Elsevier

Cellular Signalling

Volume 26, Issue 3, March 2014, Pages 492-501
Cellular Signalling

β-Catenin, a Sox2 binding partner, regulates the DNA binding and transcriptional activity of Sox2 in breast cancer cells

https://doi.org/10.1016/j.cellsig.2013.11.023Get rights and content

Highlights

  • Sox2 binds to β-catenin in MCF7 cells.

  • The functional relationship between Sox2 and β-catenin has been studied.

  • β-Catenin suppresses the transcriptional activity of Sox2 in a small subset of BC cells.

  • The potential clinical implications of our findings have been discussed.

Abstract

Sox2, an embryonic stem cell marker, has been recently implicated in the pathogenesis of breast cancer (BC). Using liquid chromatography–mass spectrometry and co-immunoprecipitation, we identified β-catenin as a Sox2 binding partner in MCF7 cells. The interaction between Sox2 and β-catenin was substantially different between the two cell subsets separated based on their differential responsiveness to a Sox2 reporter. Specifically, while β-catenin binds to Sox2 in the nuclear fraction of cells showing reporter-responsiveness (i.e. RR cells), this interaction was not detectable in those that were reporter-unresponsive (i.e. RU cells).
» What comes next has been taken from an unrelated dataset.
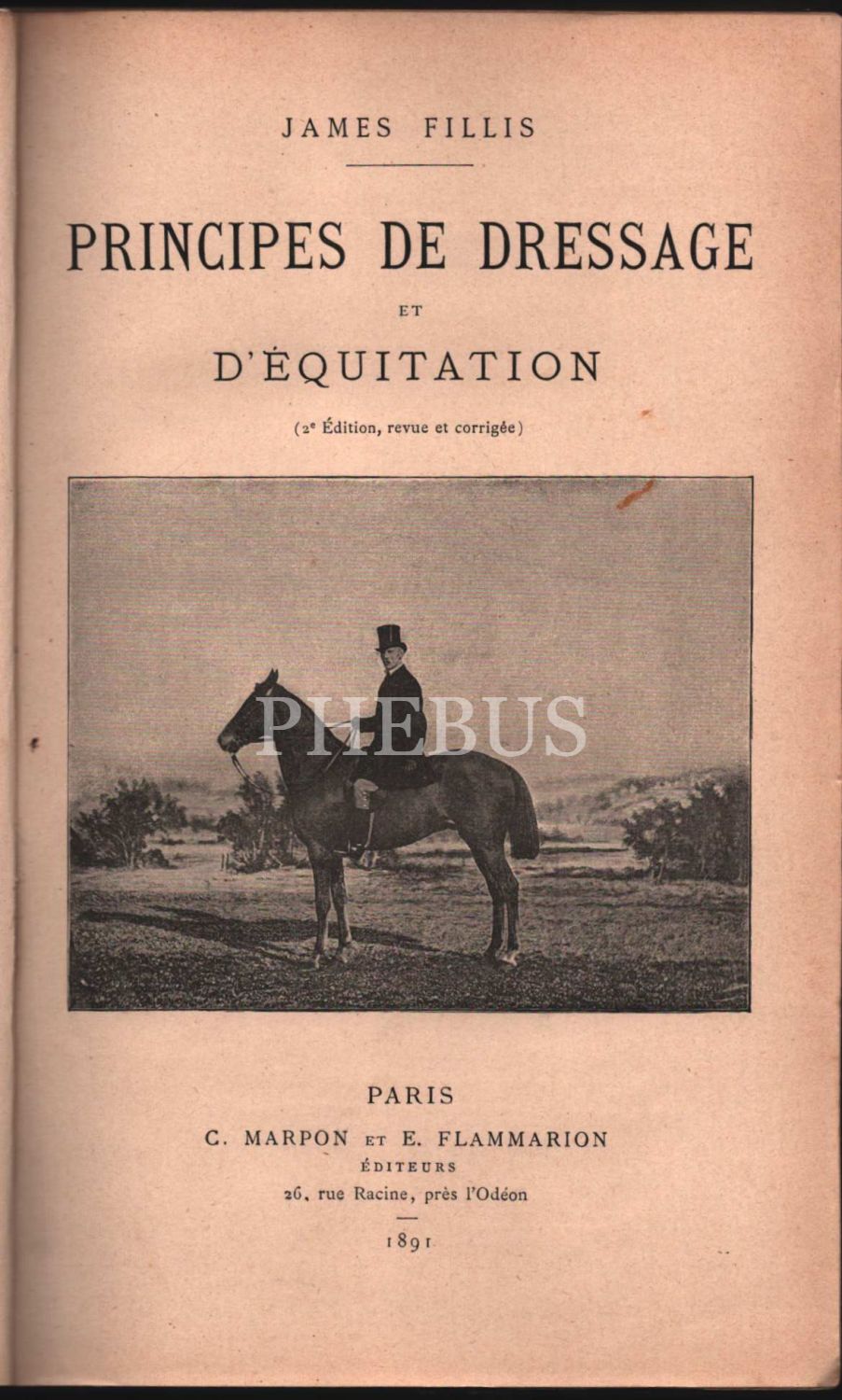 PRINCIPES DE DRESSAGE ET D´EQUITATION, James Fillis, Paris - 1891, 374 sayfa, 17x26 cm

In RR but not in RU cells, siRNA knockdown of β-catenin significantly upregulated the Sox2 transcriptional activity, enhanced its DNA binding and increased the expression of its target genes. Correlating with these findings, while inhibition of β-catenin significantly downregulated the mammosphere formation efficiency in RU cells, this treatment paradoxically increased that of RR cells. To conclude, we identified that β-catenin is an important binding partner of Sox2 and a regulator of its transcriptional activity in a small subset of BC cells. The interaction between Sox2 and β-catenin provides a novel mechanism underlying the functional dichotomy of BC cells, which carries potential therapeutic implications.

Introduction

Sex determining region Y-Box 2 (Sox2) is a transcriptional factor known to play key roles in maintaining the pluripotency of embryonic stem cells (ESCs) [1], [2], [3]. The contribution of Sox2 to stemness is underscored by the fact that it is one of the four genes involved in the conversion of fibroblasts into inducible pluripotent stem cells [4], [5], [6]. Normally, the expression of Sox2 is restricted in ESCs and somatic stem cells [2], [7], [8]. In recent years, Sox2 has been found to be aberrantly expressed in several types of solid tumors including breast cancer (BC) [9], [10], [11], [12], [13], [14], [15], [16], [17]. Accumulating evidence has supported the concept that Sox2 is biologically and clinically important in these cancer types. For instance, Sox2 expression is known to correlate with increased migration, proliferation, and tumorigenicity in lung carcinomas [9], [18], [19], [20] and glioblastomas [11]. In BC, Sox2 expression was found in tumors representative of all 4 major molecular subtypes, including luminal A, luminal B, Her2-positive and basal-like [21]. In one study, a significant correlation between the level of Sox2 protein expression in BC detectable by immunohistochemistry and a worse clinical outcome was found [22]. Nevertheless, only a relatively small number of functional studies have provided direct evidence that Sox2 is important in the biology of BC. To this end, we have identified 3 studies in which the functional roles of Sox2 in BC were directly demonstrated. In one study, enforced expression of Sox2 in MCF7 cells was found to significantly increase their efficiency of mammosphere formation [21]. In two other studies, it was found that siRNA knockdown of Sox2 significantly reduces the proliferation of MCF7 cells [11], [23].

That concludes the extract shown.